### Data excerpt:
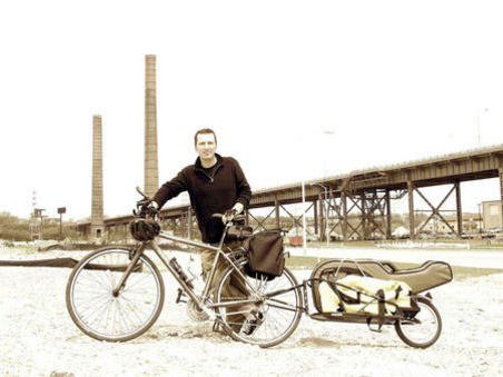 >I just came across the website of Peter Mulvey (click here). He’s a Wisconsin based musician who rides his bike with his gear in tow to (some of) his shows. He calls it his “Look Ma, No Gasoline” tour (click here). It’s refreshing to see this…and his music is pretty good as well (see video).
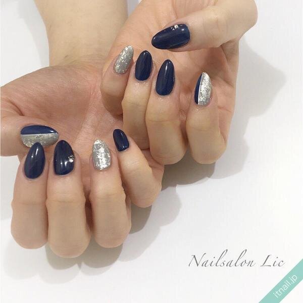 例えば、爪の左半分をネイビーで、右半分をシルバーでカラーリングするデザインはいかがでしょうか。ネイビーの配分を少なくしてキラキラのデザインに仕上げたり、逆にシルバーの配分を少なくしてシックで上品なデザインに仕上げたりというデザインもいいですね。
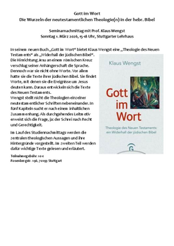 Seminarnachmittag mit Prof. Klaus Wengst - Gott im Wort Die Wurzeln der neutestamentlichen Theologie(n) in der hebr. Bibel
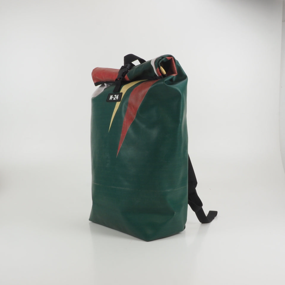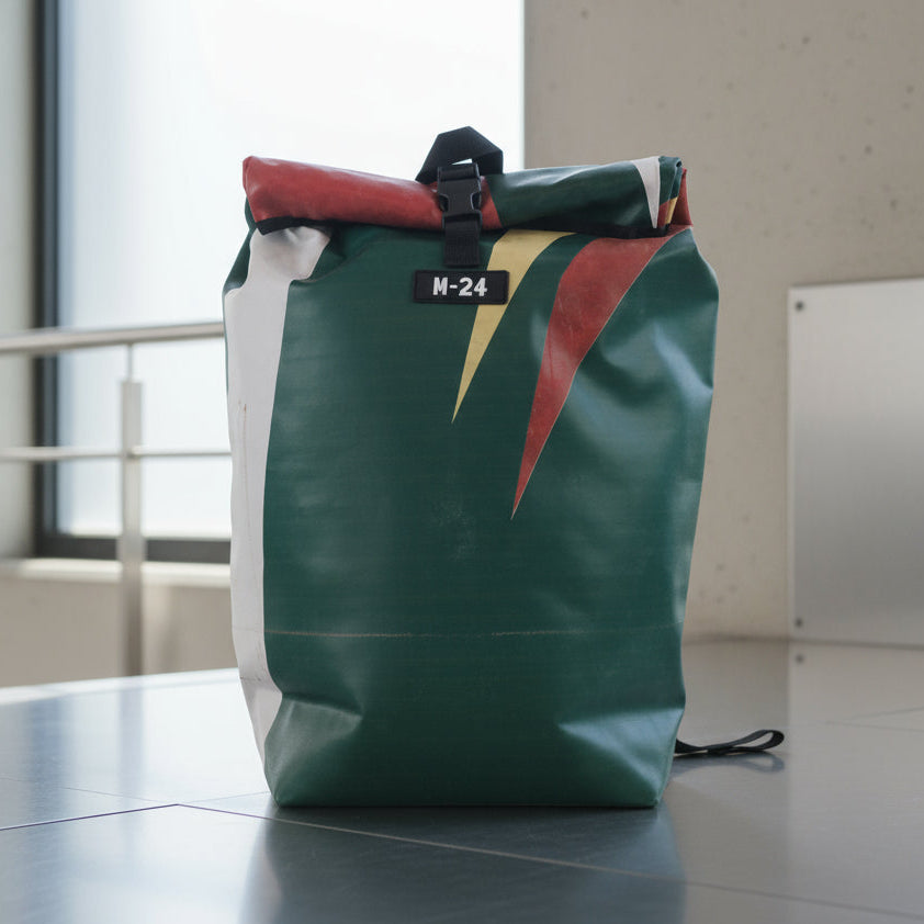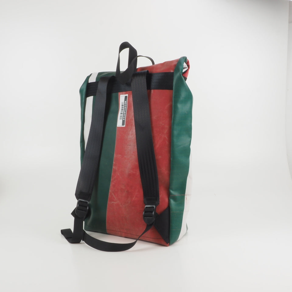 Designed for urban commuting, this large backpack is made from super-durable, reused truck tarpaulin, making it as tough as the streets you navigate daily. It's waterproof (though don't take it swimming), but it's perfect for rainy commutes or unexpected downpours.

### Exercise aim:
Only the lines from the one containing "Seminarnachmittag mit Prof." through the last line of the data above, both included, belong in the reply, each restated exactly and without pictures.

### Answer to the exercise:
 Seminarnachmittag mit Prof. Klaus Wengst - Gott im Wort Die Wurzeln der neutestamentlichen Theologie(n) in der hebr. Bibel
 Designed for urban commuting, this large backpack is made from super-durable, reused truck tarpaulin, making it as tough as the streets you navigate daily. It's waterproof (though don't take it swimming), but it's perfect for rainy commutes or unexpected downpours.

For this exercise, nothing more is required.